Your goal: Given the records underneath, please repeat exactly the lines from the line with "圖 反應氣體的拉曼光譜強度- 時間關系圖和熱刨面圖" through the line with "本網(wǎng)訊(記者 艾", passing over any picture.

Dataset:

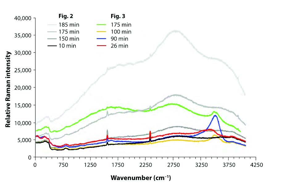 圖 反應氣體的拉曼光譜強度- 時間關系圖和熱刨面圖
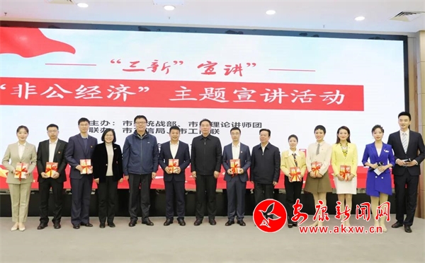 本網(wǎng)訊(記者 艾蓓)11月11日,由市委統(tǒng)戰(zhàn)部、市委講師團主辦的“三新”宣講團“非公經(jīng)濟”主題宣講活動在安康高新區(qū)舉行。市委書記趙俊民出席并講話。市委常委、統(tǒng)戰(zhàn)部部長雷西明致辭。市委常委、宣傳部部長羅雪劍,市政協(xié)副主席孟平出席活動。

--

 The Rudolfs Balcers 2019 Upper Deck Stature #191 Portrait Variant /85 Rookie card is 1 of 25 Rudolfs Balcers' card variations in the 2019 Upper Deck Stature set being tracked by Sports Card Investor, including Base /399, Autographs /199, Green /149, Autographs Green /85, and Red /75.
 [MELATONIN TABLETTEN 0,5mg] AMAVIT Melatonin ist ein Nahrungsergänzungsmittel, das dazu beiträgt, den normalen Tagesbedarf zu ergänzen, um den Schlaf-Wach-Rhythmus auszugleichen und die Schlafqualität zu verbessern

Exercise answer:
 圖 反應氣體的拉曼光譜強度- 時間關系圖和熱刨面圖
 本網(wǎng)訊(記者 艾蓓)11月11日,由市委統(tǒng)戰(zhàn)部、市委講師團主辦的“三新”宣講團“非公經(jīng)濟”主題宣講活動在安康高新區(qū)舉行。市委書記趙俊民出席并講話。市委常委、統(tǒng)戰(zhàn)部部長雷西明致辭。市委常委、宣傳部部長羅雪劍,市政協(xié)副主席孟平出席活動。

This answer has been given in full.